I'm wondering if anyone can offer me some advice. I am 25 and just started out my career in HR. To give you a bit of background, I graduated almost 3 years ago with a degree in Education Studies (not teaching, my degree looked at issues in education, policy, etc) and ended up falling into recruitment (agency) after a brief 6 week contract in HR/Recruitment Administration. I went into agency recruitment quite naive life most graduates, not fully understanding the sales aspect and thinking of it more a role where I would be interviewing candidates, helping them find the right roles, so quite soon into the career I realised it wasn't for me. However, I stuck at it for a year and a half to save to go travelling, and continued the job over in Australia for a year. Within that time, I became exposed to the HR career path and after much research i've decided it's the career path I want to go down. I've took it upon myself to study employment law, policy, ER etc.

I came home from Australia in October and secured a contract HR admin role in a shared services centre for an international company, which is coming to an end next month. The role i'm in currently is predominantly specialising in the recruitment side of HR. I'm now starting to look for my 1st permanent HR role and although my background is in recruitment, i'm really wanting a generalist role so I can gain exposure to all aspects of HR. I haven't had experience in Employee Relations but i'm very much interested in this area, alongside reward and learning and development so i'm looking to find a role which combines all this with recruitment. My ultimate goal which i'm working for is to get to Advisor/Management level, in a generalist capacity, for an international corporate business such as the place I work for at the moment.

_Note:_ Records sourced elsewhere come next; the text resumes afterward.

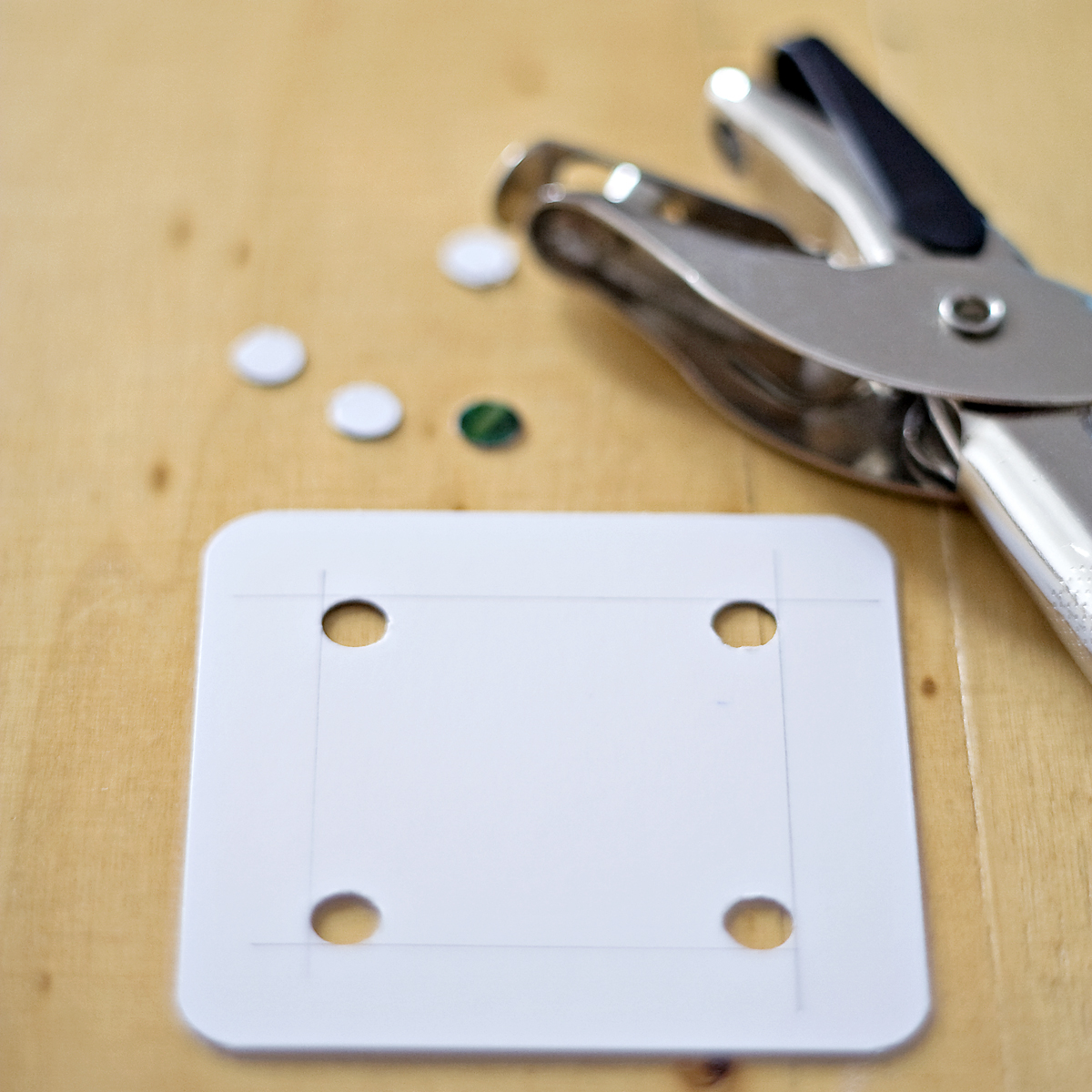 Wieder ist klar im Vorteil, wer das dementsprechende Werkzeug hat. Mit einem normalen Locher funktioniert das auch, ist allerdings ein wenig mühsamer und nicht ganz so präzise – ich war froh, dass ich meinen kleine Lochzange da hatte…
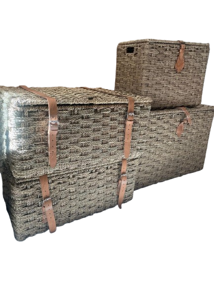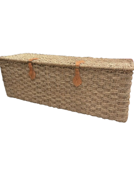 Grande malle de rangement artisanale réalisée à la main au Maroc, en fibres naturelles de doum et structure métallique.
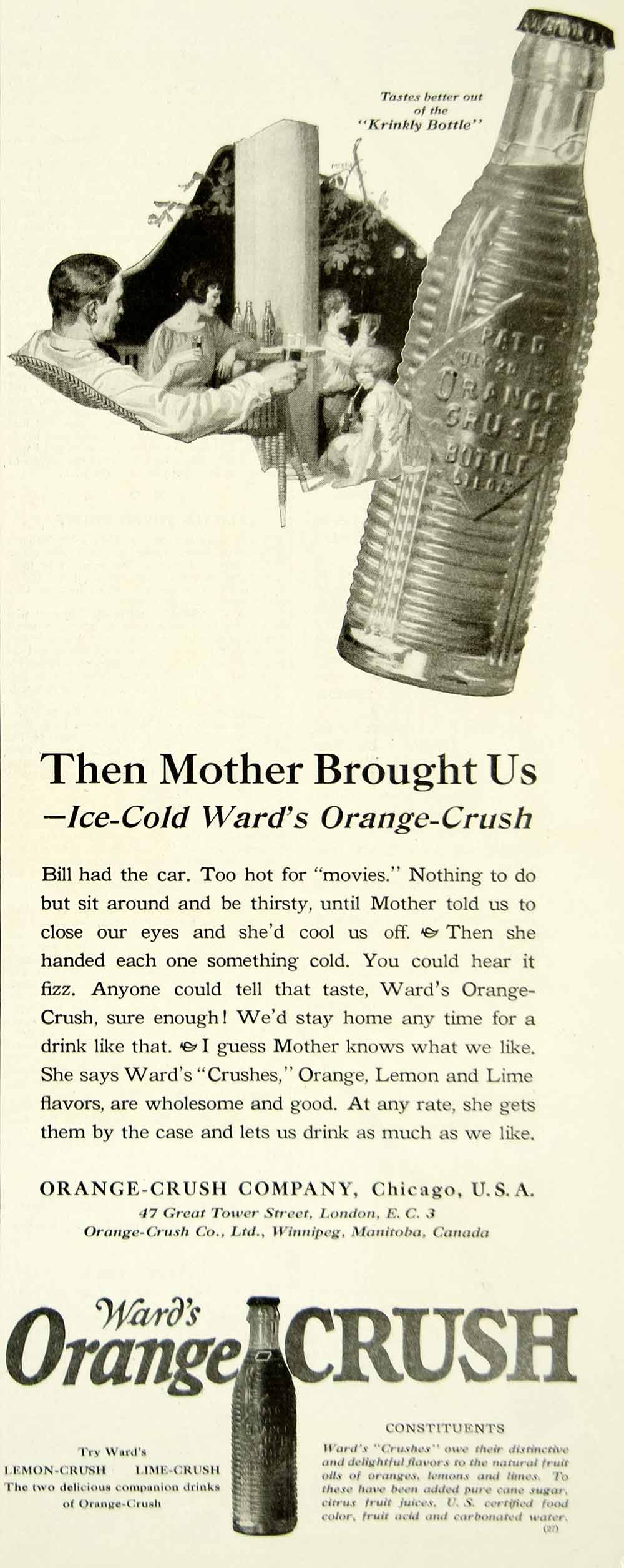 This is an original 1923 black and white print ad for Ward's orange-crush, lemon-crush, and lime-crush flavored soft drinks that were made and sold by the Orange-Crush Company of Chicago, Illinois (IL) and 47 Great Tower Street, London, England (UK). The ad also featured an illustration by Frederic Kimball Mizen.
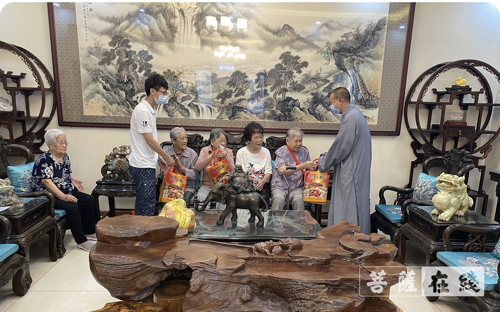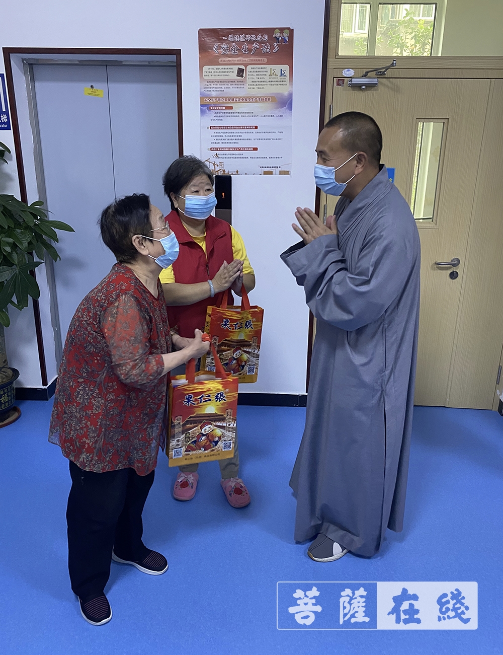 菩萨在线天津讯 9月18日,天津大悲禅院悟通法师与天津市河北区慈善协会副会长李研,一起看望居住在养老院的困难群众。为他们送去月饼、水果等物资,在中秋佳节到来之际,传递温暖,为他们送去祝福。(文图/天津大悲禅院)
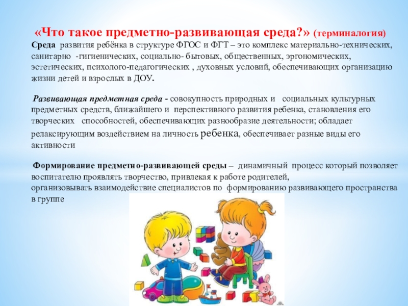 Слайд 4 «Что такое предметно-развивающая среда?» (терминалогия)
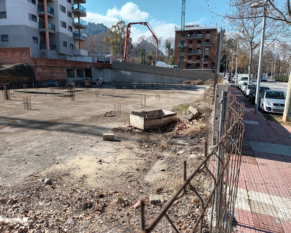 Suelo urbano sobre el que se pretendía construir un edificio de viviendas cuyas obras se paralizaron en el forjado situado a cota cero.
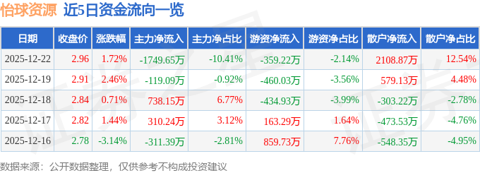 证券之星消息,截至2025年12月22日收盘,怡球资源(601388)报收于2.96元,上涨1.72%,换手率2.57%,成交量56.48万手,成交额1.68亿元。
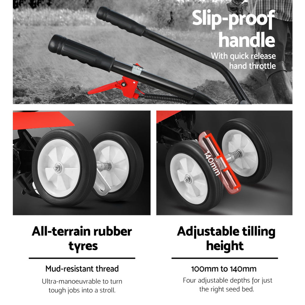 Get the earth moving quick and easy with the Marlook Hand-held Tiller. Featuring a 88cc 10,000rpm 2-stroke petrol motor, the tiller churns out soil deep and wide with its 24 teeth of hardened steel tines. The 4 blades allows you to till an extra-wide swath of 400mm and up to 150mm in depth. In other words, you only need one pass with the tiller to pulverise the soil and get the right seedbed for your favourite crops. Operating the tiller is just as easy with its pull-start improved engine, steady handle and quick-release hand throttle control and all-terrain rubber tyres to transform back-breaking tilling work into a ground-breaking stroll. And when the tilling is done, just fold away the tiller and store with the rest of your tools. Ideal for the home gardener or small-scale commercial grower. This item comes with 1 year warranty.
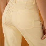 Avec sa teinte douce et sa coupe wide flare, ce pantalon apporte une touche lumineuse et moderne au vestiaire estival.

I'm wondering if anybody could shed some light on the best way to get there? I know i'm going to have to start from admin level and work my way up, and i'm looking for a company that will put me through my CIPD, but it's the generalist experience that is important to me. I've read I will probably be better staring in a small organisation to gain generalist experience, which suits me fine, and to stay away from shared services centre. I'm just wanting to gain peoples advice on this? What is the 'issue' with shared service centres and why should I stay away? I have seen a role which seems to suggest I would cover all areas of HR but the fact it's in a SS centre puts me off a bit, but it is for an international business.

I'd just llike some advice how best to go about progressing towards my ultimate ambition of working within a general HR role for an international company.

Thanks for reading!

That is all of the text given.